Provided data:
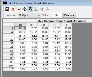 As for tables that can subtract from the SA, there are several. The main ones are the "SA - Coolant Comp Spark Advance" and "SA - IAT/CTS Compensation" tables.
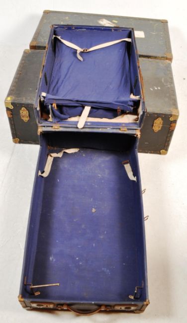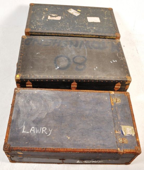 A collection of three early 20th century circa 1930’s shipping trunks / travel trunks. The trunks of a rectangular form with hinged lids and metal bands to the corner finished in dark blue.
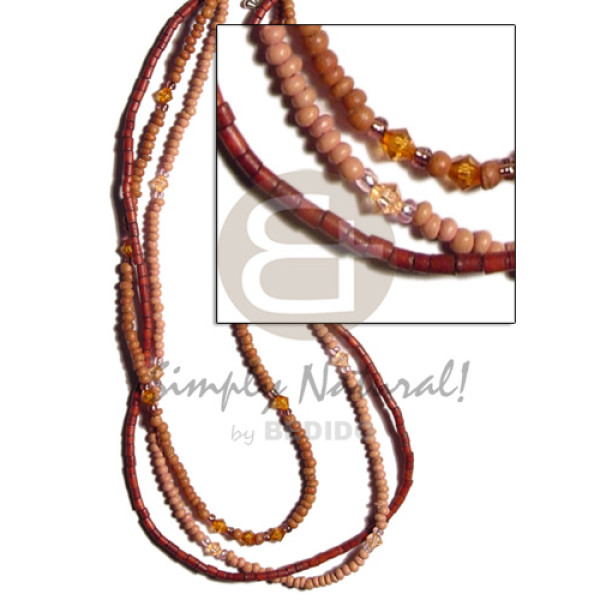 3 rows coconut heishi and Pukalet brown graduated tones/acrylic crystals..

Work instruction:
No pictures belong in the output. It should reproduce exactly the lines from the one containing "A collection of" through the end of the data, both ends included.

Exercise output:
 A collection of three early 20th century circa 1930’s shipping trunks / travel trunks. The trunks of a rectangular form with hinged lids and metal bands to the corner finished in dark blue.
 3 rows coconut heishi and Pukalet brown graduated tones/acrylic crystals..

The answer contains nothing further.